Il nostro corpo è nostro

Di fronte al nostro corpo fatto a pezzi, ci riprendiamo il nostro corpo.

“Non l’avevo mai vista veramente. Non mi era mai venuto in mente di guardarla. La mia vagina esisteva su un piano astratto. Sembrava così riduttivo e goffo guardarla, distese sui lucidi tappetini azzurri, con i nostri specchietti in mano. Mi ha fatto pensare ai primi astronomi coi loro telescopi primitivi.

Sulle prime l’ho trovata piuttosto inquietante, la mia vagina. Come la prima volta che vedi un pesce sventrato e scopri quell’altro mondo complesso e sanguinolento all’interno, proprio sotto la pelle. Era così cruda, così rossa, così fresca. E quello che mi sorprendeva di più era la quantità di strati. Strati dentro strati, che si aprono su altri strati. La mia vagina era come un evento mistico che continua a dispiegare un altro aspetto di sé, il che è in realtà un evento in sé, ma lo capisci solo dopo.

La mia Vagina mi ha lasciato stupefatta. Non riuscivo a parlare quando è venuto il mio turno.

Ero ammutolita. Avevo aperto gli occhi su ciò che la coordinatrice del laboratorio chiamava “stupore vaginale”. Volevo solo starmene lì distesa sul mio tappetino, con le gambe aperte, a esaminare la mia vagina per sempre.
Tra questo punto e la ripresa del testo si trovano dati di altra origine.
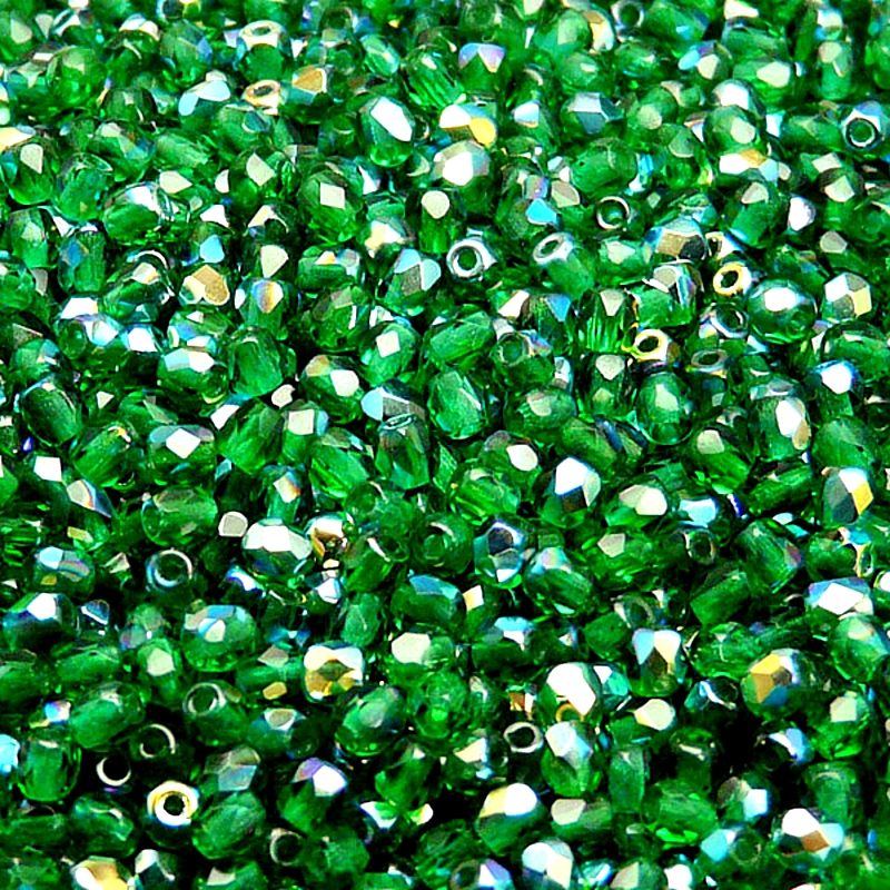 100ks České skleněné broušené ohňovky kulička 3mm chrysolit/ AB polopokovSkladem 19 ks47 Kč/ ks38,84 Kč bez DPH

Era meglio del Grand Canyon, antica e piena di grazia. Aveva l’innocenza e la freschezza di un vero giardino all’inglese. Era buffa, molto buffa. Mi ha fatto ridere. Poteva giocare a nascondino, aprirsi e chiudersi. Era una bocca. Era il mattino. E poi, per un istante, mi è venuto in mente che eram e , la mia vagina: era chi ero io . Non era un’entità a sé. Era dentro di me.

(…)

Non dovevo trovarla . Dovevo essere. Essere la clitoride. Essere la mia vagina. Mi sono sdraiata e ho chiuso gli occhi. Ho messo giù lo specchio. Mi sono guardata galleggiare al di sopra di me stessa. Mi osservavo avvicinarmi lentamente al mio io e a rientrarvi. Mi sentivo come un astronauta che rientra nell’atmosfera terrestre. E stato molto calmo il rientro: calmo e dolce. Rimbalzavo e atterravo. Atterravo e rimbalzavo. Entravo nei miei muscoli, nel cuore e nelle cellule e poi, ecco, scivolavo dentro la vagina. Improvvisamente era tutto così facile e io ci stavo comoda. Ero calda, pulsante, pronta, giovane e viva. E poi, senza guardare, con gli occhi ancora chiusi, ho messo il dito su ciò che tutt’a un tratto era diventato me. Ho sentito un piccolo tremito dapprima, che mi ha convinto a restare. Poi il tremito è diventato un terremoto, un’eruzione, con gli strati che si dividevano e si suddividevano. Il terremoto si disperdeva in un antico orizzonte di luce e silenzio, che si apriva su una piana di musica e colori e innocenza e nostalgia, e io mi sentivo collegata, unita mentre mi dimenavo sul mio tappetino blu.

 La mia vagina è una conchiglia, un tulipano e un destino. Arrivo mentre incomincio già a partire. La mia vagina, la mia vagina, io.”